[WHAT IS NEEDED]:
Output the data below only from the line containing "Black Denim Jacket" up to and including the line containing "Al cumplirse sesenta", exact and with the pictures left out.

[DATASET CONTENT]:
◇ ◇ ◇ ◇ ◇ ◇ ◇

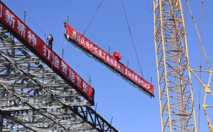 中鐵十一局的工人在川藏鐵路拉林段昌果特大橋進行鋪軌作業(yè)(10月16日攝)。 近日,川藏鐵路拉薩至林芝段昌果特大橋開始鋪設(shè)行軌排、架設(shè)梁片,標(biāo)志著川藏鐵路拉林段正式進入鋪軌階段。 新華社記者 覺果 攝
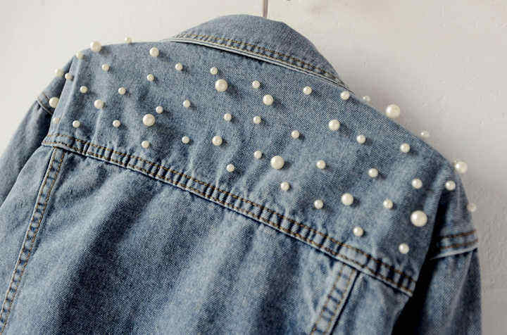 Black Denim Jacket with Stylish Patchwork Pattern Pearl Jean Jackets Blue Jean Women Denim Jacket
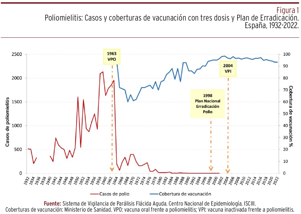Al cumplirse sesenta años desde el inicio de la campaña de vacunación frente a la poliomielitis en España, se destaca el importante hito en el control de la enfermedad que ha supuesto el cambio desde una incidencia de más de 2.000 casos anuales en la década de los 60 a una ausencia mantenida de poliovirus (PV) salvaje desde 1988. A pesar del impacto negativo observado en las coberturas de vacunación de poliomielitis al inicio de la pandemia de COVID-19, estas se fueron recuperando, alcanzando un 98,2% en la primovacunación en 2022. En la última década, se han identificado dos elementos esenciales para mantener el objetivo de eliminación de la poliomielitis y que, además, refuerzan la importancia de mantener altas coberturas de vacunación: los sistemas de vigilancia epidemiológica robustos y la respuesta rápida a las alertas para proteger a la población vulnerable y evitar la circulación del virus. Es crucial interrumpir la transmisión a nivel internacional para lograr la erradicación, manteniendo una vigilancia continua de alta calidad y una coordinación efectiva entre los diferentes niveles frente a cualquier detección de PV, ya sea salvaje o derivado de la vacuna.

◇ ◇ ◇ ◇ ◇ ◇ ◇

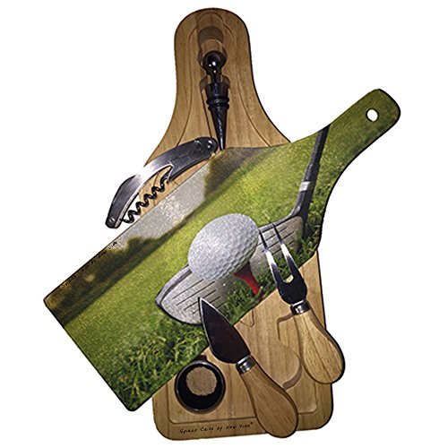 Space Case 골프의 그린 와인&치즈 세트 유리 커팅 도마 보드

◇ ◇ ◇ ◇ ◇ ◇ ◇

[ANSWER BOX]:
 Black Denim Jacket with Stylish Patchwork Pattern Pearl Jean Jackets Blue Jean Women Denim Jacket
Al cumplirse sesenta años desde el inicio de la campaña de vacunación frente a la poliomielitis en España, se destaca el importante hito en el control de la enfermedad que ha supuesto el cambio desde una incidencia de más de 2.000 casos anuales en la década de los 60 a una ausencia mantenida de poliovirus (PV) salvaje desde 1988. A pesar del impacto negativo observado en las coberturas de vacunación de poliomielitis al inicio de la pandemia de COVID-19, estas se fueron recuperando, alcanzando un 98,2% en la primovacunación en 2022. En la última década, se han identificado dos elementos esenciales para mantener el objetivo de eliminación de la poliomielitis y que, además, refuerzan la importancia de mantener altas coberturas de vacunación: los sistemas de vigilancia epidemiológica robustos y la respuesta rápida a las alertas para proteger a la población vulnerable y evitar la circulación del virus. Es crucial interrumpir la transmisión a nivel internacional para lograr la erradicación, manteniendo una vigilancia continua de alta calidad y una coordinación efectiva entre los diferentes niveles frente a cualquier detección de PV, ya sea salvaje o derivado de la vacuna.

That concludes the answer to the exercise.